Quarterly Reports of Reserves A self-insured health care provider must submit a statement every three months which reports the current balance in the segregated fund established for payment of claims.

Notice of Material Change If a self insured health care provider experiences a material change in its ownership, financial condition, or procedures for handling self-insured professional liability claims, the health care provider must notify the Board of the material change within 30 days of knowledge of the change.

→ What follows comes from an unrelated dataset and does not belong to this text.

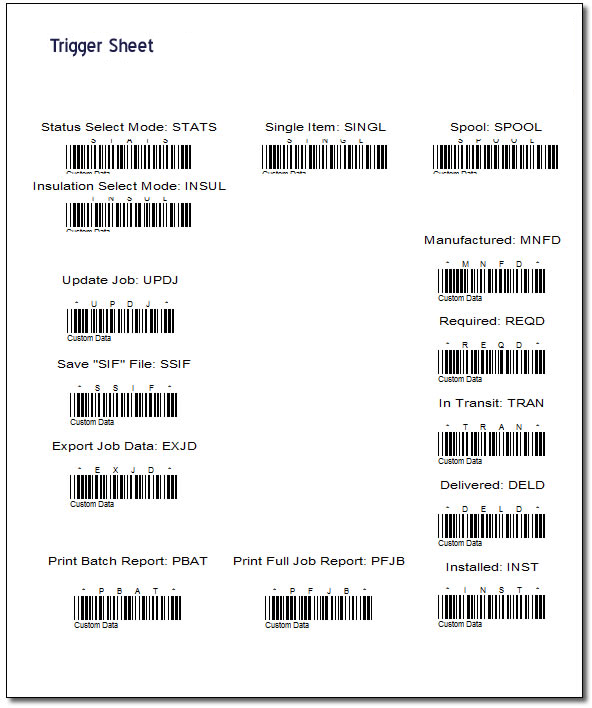The Trigger Sheet has bar codes for each of the trigger events setup within Tracker, and would act as the menu for changing statuses, executing prints, changing between insulation and status mode, etc.

Renewal of Certificate of Self Insurance A self-insured health care provider must annually resubmit updated information described above (except for the letter of intent) in order to maintain continuous self-insured status.

Revocation of Certificate of Self Insurance The Board may revoke a certificate of self insurance for:

(1) failure to pay the premium surcharge required by subsection (c) of K.S.A. 40-3402 and amendments thereto;

(2) failure to submit quarterly statements of reserves;

(3) failure to annually resubmit the required information described above; or

(4) a change in the ownership, financial condition, or procedures for handling claims.

 

Definition of Terms and Phrases

Applicable to Policies and Procedures

Adopted by the Health Care Stabilization Fund Board of Governors

Statutory definitions for the Health Care Providers Insurance Availability Act are contained in K.S.A. 40-3401. The following definitions are for clarification of legislative intent, and are established by the HCSF Board of Governors for purposes of policies and procedures adopted by the Board. 

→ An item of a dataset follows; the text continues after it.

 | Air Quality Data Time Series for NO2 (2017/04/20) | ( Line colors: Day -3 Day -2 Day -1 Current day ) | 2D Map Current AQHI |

“Board” means the Health Care Stabilization Fund Board of Governors.

“Fund” means the Health Care Stabilization Fund.

“Health care system” means an organization that owns two or more licensed medical care facilities located in Kansas.

“Medical care facility” means:

            (1) a licensed ambulatory surgical center located in Kansas as further defined in K.S.A. 65-425 and amendments thereto;

            (2) a licensed critical access hospital located in Kansas as further defined in K.S.A. 65-468 and amendments thereto;

(3) a licensed general hospital located in Kansas as further defined in K.S.A. 65-425 and amendments thereto;

(4) a licensed recuperation center located in Kansas as further defined in K.S.A. 65-425 and amendments thereto; or

(5) a licensed special hospital located in Kansas as further defined in K.S.A. 65-425 and amendments thereto.

“Personal injury action” means a civil action for personal injury or death arising out of the rendering of or the failure to render professional services.